American Medical Biographies/Jackson, Charles Thomas
Jackson, Charles Thomas (1805–1880)
The life of Charles Thomas Jackson, chemist, mineralogist and geologist, interests us because he had to do with the discovery of the electric telegraph and, more especially, ether anesthesia.
Born at Plymouth, Massachusetts, June 21, 1805, he was descended from Abraham Jackson, one of the early settlers of that town, and on his mother's side, from Rev. John Cotton. While preparing himself for college his health failed and he made an excursion on foot through New York and New Jersey with several naturalists. Returning to Boston he studied medicine and graduated from the Harvard Medical School in 1829, having made a geological survey of Nova Scotia during the summer vacations. After graduating he spent three years in Europe pursuing his studies and making a pedestrian tour and assisting in autopsying the bodies of the victims of the cholera epidemic in Vienna, as a result publishing "Cholera in Vienna" in the Medical Magazine, Boston, for October, 1832. Returning to Boston in 1832 Jackson brought with him a large amount of electrical and philosophical apparatus and it so happened that Prof. S. F. B. Morse was a passenger on the same ship. Jackson claimed that he pointed out to Morse the essential and peculiar features of the electric telegraph, which was patented by Morse in 1840. Jackson had previously perfected a working model of such a telegraph but did not think it capable of being brought into general use. Later he got into a controversy with Morse as to priority.

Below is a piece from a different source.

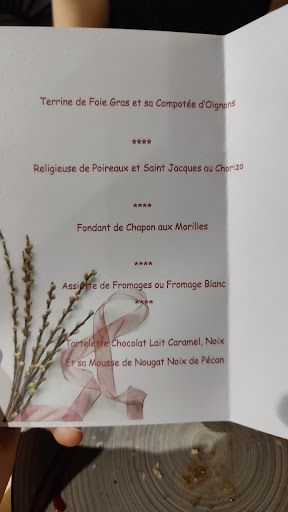 Nous avons diné pour le réveillon de l'an avec un menu unique à 80€ et le moins que l'on puisse dire, c'est que nous aurions dû rester à la maison. Il y avait deux salles : celle du haut qui était plutôt classe et rénovée mais nous avons eu la malchance d'être au sous-sol. Un caveau lugubre sentant le renfermé et servant de débarras pour des bouteilles, des lampes et autres bougies inutilisées. Les couverts et verres n'étaient pas propres, les chaises étaient vieilles et moches, bref un début de soirée prometteur... Les verres de vins ont été servis sans présenter les bouteilles, le kir était mal dosé et les mises en bouche étaient passables (macaron de foie gras et gougères au fromage). En entrée, la terrine de foie gras était bonne mais servie sans toast, avec 3 feuilles de mâche et une compotée d'oignons dans un récipient en carton. Très limite quand on voit le prix du menu. Le premier plat aux Saint-Jacques était plutôt correct mais nous avons eu la surprise de trouver des rondelles de chorizo dans notre assiette. Ca n'avait rien à faire dans ce plat selon nous, surtout en simple rondelle comme à l'apéro. Le chapon fut le pinacle de ce repas en vous laissant juger la photo. Aucune morille, aucun légume, chapon surement surgelé et un pauvre soufflé de pomme de terre qui lui-même se demandait ce qu'il faisait là. L'assiette de fromage n'avait presque aucun goût, surement du premier prix et la serveuse n'a même pas prit le temps de nous les présenter. En lui demandant quels sont ces fromages, impossible pour elle de nous répondre pour l'un d'entres eux. Au bout de 5 min à l'attendre, nous finissons nos fromages. Au bout de 20 min, la serveuse revient nous dire : "Excusez-moi, vous avez déjà terminé ? C'était du soumaintrain" puis s'en va sans nous débarrasser. Le dessert était le seul qui relevait un peu le niveau pour la présentation mais il y avait beaucoup trop de noix de pécan ce qui gâchait définitivement ce repas, catastrophique du début à la fin. En partant, nous avons fait part de notre mécontentement à la gérante, qui avait oublié de nous rendre la caution de réservation. Une honte pour la cuisine, le service et le cadre de payer autant pour un résultat aussi navrant, selon nous ce ne sont pas des professionnels de la...

Settling in the practise of medicine in Boston in 1833 Jackson devoted himself to practise until 1836, when he was appointed state geologist of Maine, his surveys occupying three years. Then he was made state geologist of Rhode Island, and in the following year held a similar position in New Hampshire, the last occupying him for another three years, the results of his labor appearing in a quarto volume in 1844. In that year he visited the southern shore of Lake Superior, explored the wilderness, and returning the next year, opened copper mines and made known to the world the rich mineral resources of that region.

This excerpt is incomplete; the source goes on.